Input for this task START

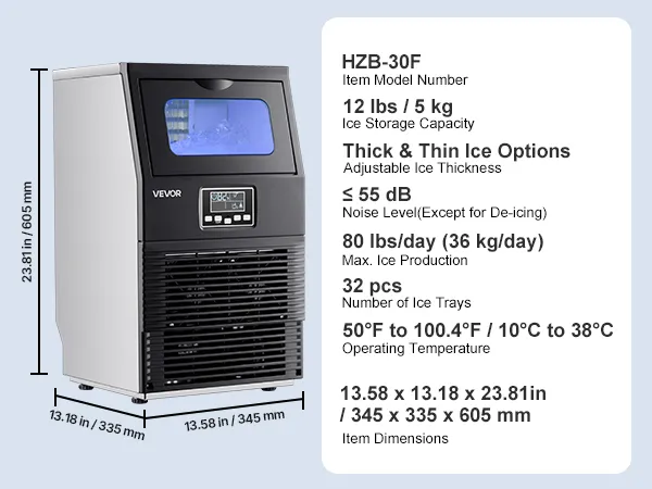 Efficiënte ijsproductie: Deze commerciële ijsmachine produceert 32 ijsblokjes per cyclus en tot 36 kg ijs per dag, met een ijsopslagcapaciteit van 5 kg. Ideaal voor thuisgebruik, bars en commerciële toepassingen. ETL- en ENERGY STAR-gecertificeerd voor veilige en efficiënte prestaties.
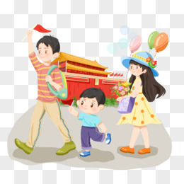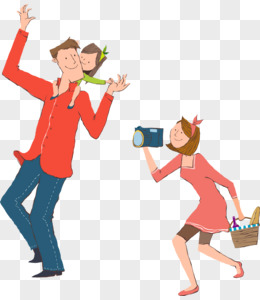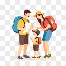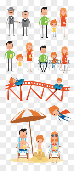 插画一对年轻夫妇抱着孩子拉着行李箱站在高铁列车旁免抠元素
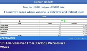 Σύμφωνα με τη βάση δεδομένων , η οποία είναι πιθανό να μην ανοίγει από IP Ευρωπαικής Ένωσης, αλλά τα στοιχεία υπάρχουν εδώ , 181 Αμερικανοί πέθαναν από εμβόλια COVID-19 σε 2 εβδομάδες.
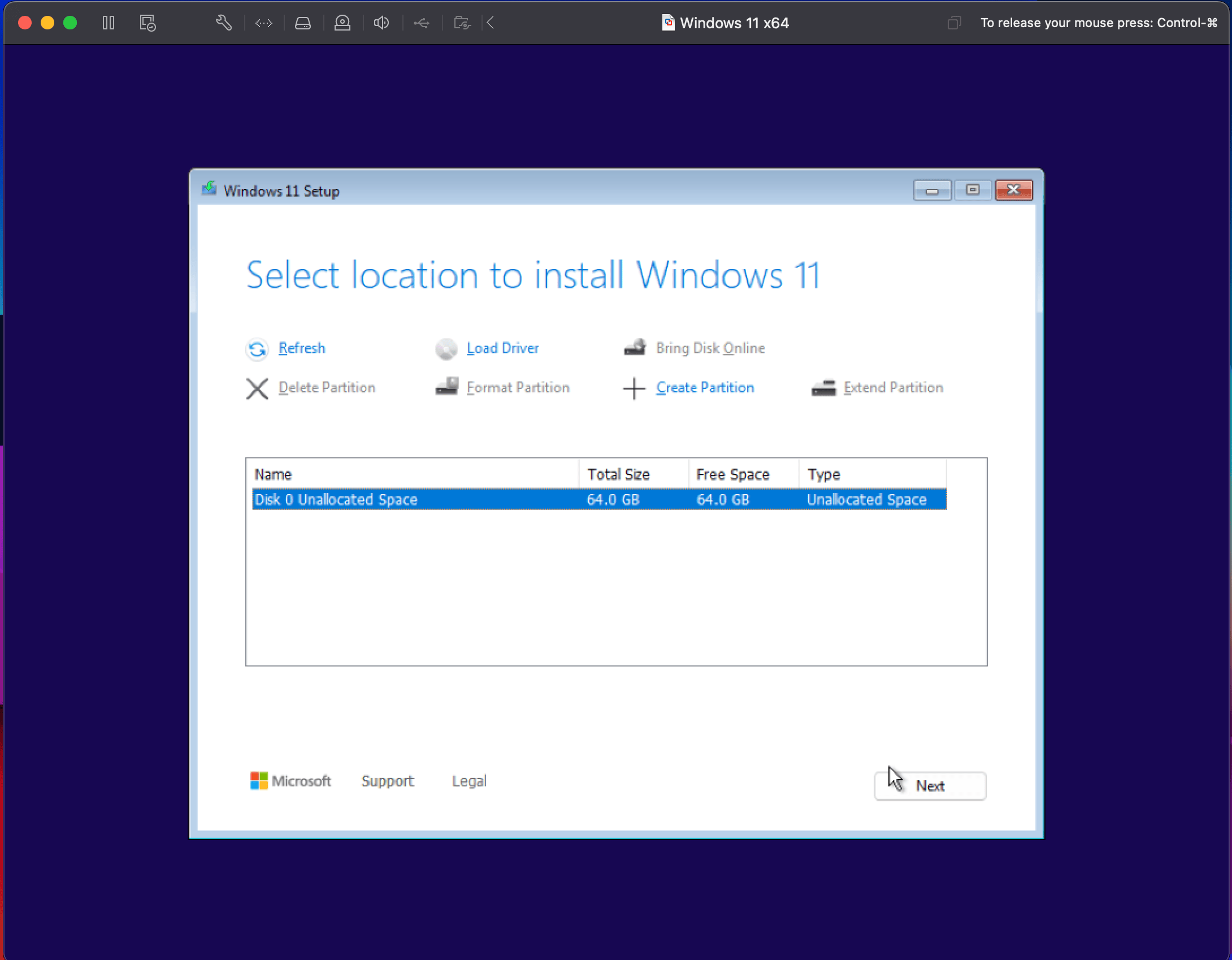 - When asked where to install Windows, you’ll see an unallocated space. Select it and click Next. Virtual hard drives are magical—no need to worry about accidentally formatting the wrong drive (which definitely happened to a friend of mine once…).
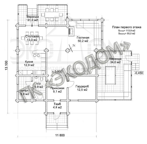 Южная и Восточная веранды дома (вероятнее всего, именно так хозяева будут называть из в разговоре) станут логичным продолжением столовой и гостиной и еще больше расширят свободное, ничем не ограниченное пространство первого этажа. Прекрасно оборудованная кухня, санузел, большая гардеробная комната и приветливо встречающая своих друзей прихожая довершают картину первого этажа.
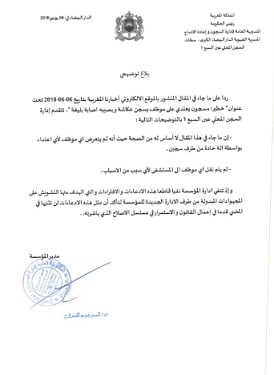 وفي إطار حق الرد الذي يكفله القانون وأخلاقيات المهنة، هذا هو النص الكامل للبلاغ كما توصلنا به:
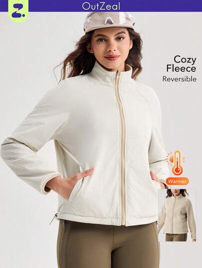 OutZeal 女士冬季户外夹克 徒步露营保暖双面抓绒立领拉链户外上衣 - 卡其色 - 查看 2
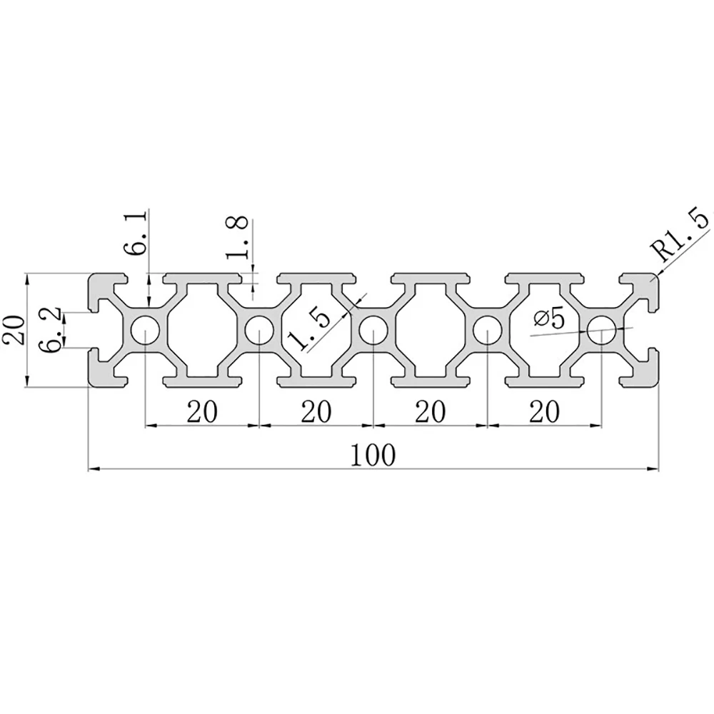 Материал: алюминиевый сплав 6063-T5 Цвет: серебристо-белый Размер: 20*100 мм Толщина стенок: 1,5 мм Вес: 1,87 кг/мДлина: 100-1000 мм (опционально)
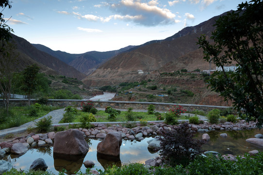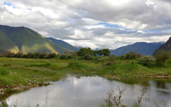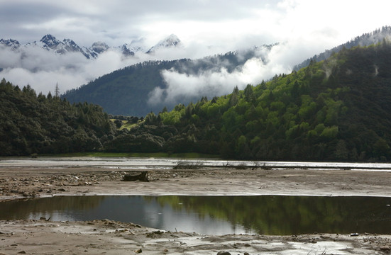 回酒店没和大家一起吃饭,我们仨又出发去河谷了,因为刚才路过时我觉得河谷很漂亮,想趁太阳没落山拍拍照。林芝沿着尼洋河而建,尼洋河在不远处汇入雅鲁藏布江。林芝下游这段河水有许多浅滩,我们费好大劲才下了公路找到一条小土路走进河滩,这路走着走着就没了。脚下是野草和野花,还有小水洼,远处是青山和雪山。只可惜云太厚,再薄点就好了。本来想走到河边,可没路太难走,又看不见周围的状况,天渐渐暗了,怕迷路就返回了。
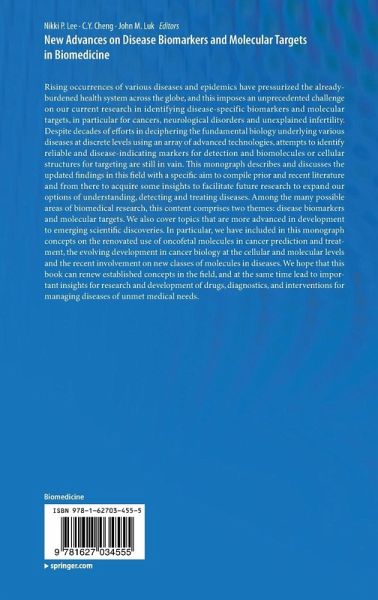Rising occurrences of various diseases and epidemics have pressurized the already-burdened health system across the globe, and this imposes an unprecedented challenge on our current research in identifying disease-specific biomarkers and molecular targets, in particular for cancers, neurological disorders and unexplained infertility. Despite decades of efforts in deciphering the fundamental biology underlying various diseases at discrete levels using an array of advanced technologies, attempts to identify reliable and disease-indicating markers for detection and biomolecules or cellular structures for targeting are still in vain. This monograph describes and discusses the updated findings in this field with a specific aim to compile prior and recent literature and from there to acquire some insights to facilitate future research to expand options of understanding, detecting and treating diseases. Among the many possible areas of biomedical research, this content comprises two themes: disease biomarkers and molecular targets. The book also covers topics that are more advanced in development to emerging scientific discoveries. In particular, this monograph includes concepts on the renovated use of oncofetal molecules in cancer prediction and treatment, the evolving development in cancer biology at the cellular and molecular levels and the recent involvement on new classes of molecules in diseases. This book renews established concepts in the field, and at the same time leads to important insights for research and development of drugs, diagnostics, and interventions for managing diseases of unmet medical needs.
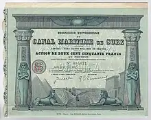 En 1875 el Pachá de Egipto, a causa de la deuda externa del país, puso a la venta su parte de las acciones del canal. En una rápida maniobra, el primer ministro del Reino Unido, a la sazón Benjamin Disraeli, convenció a la Reina Victoria de la necesidad de comprarlas para tomar el control sobre la ruta hacia la India Británica, la colonia más rica del Reino Unido. Un enviado de Disraeli consiguió un cuantioso préstamo de parte de la Casa banquera Rothschild, y de esta manera el Reino Unido se aseguró el dominio de la vía interoceánica.
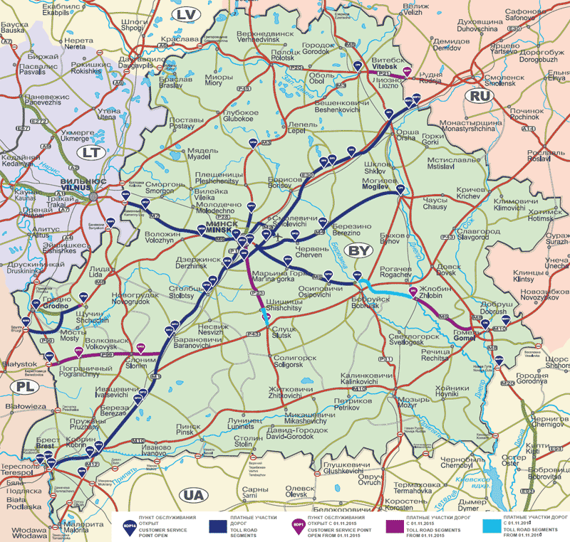 А вот в Белоруссии водители машин с иностранной регистрацией платят за пройденное расстояние. Но там есть много и бесплатных региональных дорог. В данном случае платить за проезд не придется)). Вот вам на всякий случай карта платных автомагистралей Белоруссии.
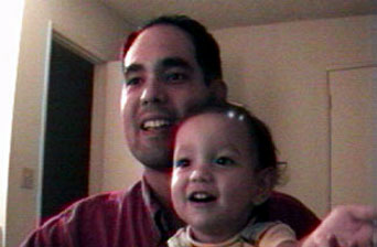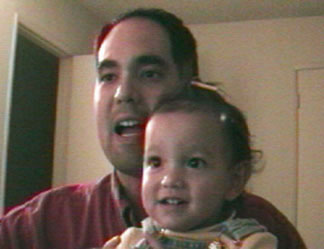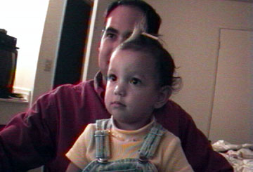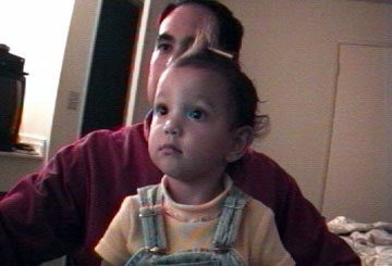 Until I get my next digital camera, you'll have to bear with these still pictures of us in front of the computer. She was wearing a cute outfit and a yellow beret for this sitting. |
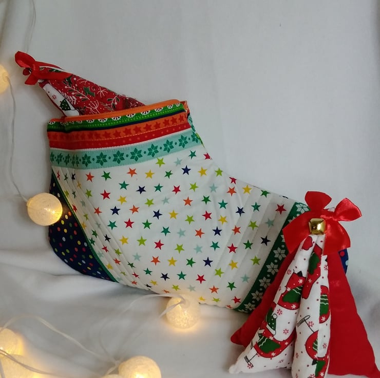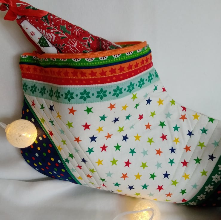 In the process of making gift bags and Christmas stockings I found I had a spare section of fabric. In the spirit of finding a purpose for any unused materials, if I can ( I do try, honestly I do ) I had a think and decided on a stocking boot ,added a zip to make it a handy pouch . I do love it when quirky little projects work out !
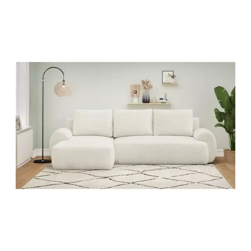 Le canapé d'angle gauche convertible 4/5 places MILO est la solution parfaite pour optimiser l'espace dans votre salon tout en ajoutant une touche de style et d'élégance. Revêtu d'un tissu bouclette beige clair, ce canapé allie confort et esthétique pour créer un espace de détente chaleureux et accueillant.

Input for this task END

> _Task goal_
The required output is the listing above reproduced exactly, pictures removed.

> _Written answer_
 Efficiënte ijsproductie: Deze commerciële ijsmachine produceert 32 ijsblokjes per cyclus en tot 36 kg ijs per dag, met een ijsopslagcapaciteit van 5 kg. Ideaal voor thuisgebruik, bars en commerciële toepassingen. ETL- en ENERGY STAR-gecertificeerd voor veilige en efficiënte prestaties.
 插画一对年轻夫妇抱着孩子拉着行李箱站在高铁列车旁免抠元素
 Σύμφωνα με τη βάση δεδομένων , η οποία είναι πιθανό να μην ανοίγει από IP Ευρωπαικής Ένωσης, αλλά τα στοιχεία υπάρχουν εδώ , 181 Αμερικανοί πέθαναν από εμβόλια COVID-19 σε 2 εβδομάδες.
 - When asked where to install Windows, you’ll see an unallocated space. Select it and click Next. Virtual hard drives are magical—no need to worry about accidentally formatting the wrong drive (which definitely happened to a friend of mine once…).
 Южная и Восточная веранды дома (вероятнее всего, именно так хозяева будут называть из в разговоре) станут логичным продолжением столовой и гостиной и еще больше расширят свободное, ничем не ограниченное пространство первого этажа. Прекрасно оборудованная кухня, санузел, большая гардеробная комната и приветливо встречающая своих друзей прихожая довершают картину первого этажа.
 وفي إطار حق الرد الذي يكفله القانون وأخلاقيات المهنة، هذا هو النص الكامل للبلاغ كما توصلنا به:
 OutZeal 女士冬季户外夹克 徒步露营保暖双面抓绒立领拉链户外上衣 - 卡其色 - 查看 2
 Материал: алюминиевый сплав 6063-T5 Цвет: серебристо-белый Размер: 20*100 мм Толщина стенок: 1,5 мм Вес: 1,87 кг/мДлина: 100-1000 мм (опционально)
 回酒店没和大家一起吃饭,我们仨又出发去河谷了,因为刚才路过时我觉得河谷很漂亮,想趁太阳没落山拍拍照。林芝沿着尼洋河而建,尼洋河在不远处汇入雅鲁藏布江。林芝下游这段河水有许多浅滩,我们费好大劲才下了公路找到一条小土路走进河滩,这路走着走着就没了。脚下是野草和野花,还有小水洼,远处是青山和雪山。只可惜云太厚,再薄点就好了。本来想走到河边,可没路太难走,又看不见周围的状况,天渐渐暗了,怕迷路就返回了。
Rising occurrences of various diseases and epidemics have pressurized the already-burdened health system across the globe, and this imposes an unprecedented challenge on our current research in identifying disease-specific biomarkers and molecular targets, in particular for cancers, neurological disorders and unexplained infertility. Despite decades of efforts in deciphering the fundamental biology underlying various diseases at discrete levels using an array of advanced technologies, attempts to identify reliable and disease-indicating markers for detection and biomolecules or cellular structures for targeting are still in vain. This monograph describes and discusses the updated findings in this field with a specific aim to compile prior and recent literature and from there to acquire some insights to facilitate future research to expand options of understanding, detecting and treating diseases. Among the many possible areas of biomedical research, this content comprises two themes: disease biomarkers and molecular targets. The book also covers topics that are more advanced in development to emerging scientific discoveries. In particular, this monograph includes concepts on the renovated use of oncofetal molecules in cancer prediction and treatment, the evolving development in cancer biology at the cellular and molecular levels and the recent involvement on new classes of molecules in diseases. This book renews established concepts in the field, and at the same time leads to important insights for research and development of drugs, diagnostics, and interventions for managing diseases of unmet medical needs.
 En 1875 el Pachá de Egipto, a causa de la deuda externa del país, puso a la venta su parte de las acciones del canal. En una rápida maniobra, el primer ministro del Reino Unido, a la sazón Benjamin Disraeli, convenció a la Reina Victoria de la necesidad de comprarlas para tomar el control sobre la ruta hacia la India Británica, la colonia más rica del Reino Unido. Un enviado de Disraeli consiguió un cuantioso préstamo de parte de la Casa banquera Rothschild, y de esta manera el Reino Unido se aseguró el dominio de la vía interoceánica.
 А вот в Белоруссии водители машин с иностранной регистрацией платят за пройденное расстояние. Но там есть много и бесплатных региональных дорог. В данном случае платить за проезд не придется)). Вот вам на всякий случай карта платных автомагистралей Белоруссии.
 Until I get my next digital camera, you'll have to bear with these still pictures of us in front of the computer. She was wearing a cute outfit and a yellow beret for this sitting. |
 In the process of making gift bags and Christmas stockings I found I had a spare section of fabric. In the spirit of finding a purpose for any unused materials, if I can ( I do try, honestly I do ) I had a think and decided on a stocking boot ,added a zip to make it a handy pouch . I do love it when quirky little projects work out !
 Le canapé d'angle gauche convertible 4/5 places MILO est la solution parfaite pour optimiser l'espace dans votre salon tout en ajoutant une touche de style et d'élégance. Revêtu d'un tissu bouclette beige clair, ce canapé allie confort et esthétique pour créer un espace de détente chaleureux et accueillant.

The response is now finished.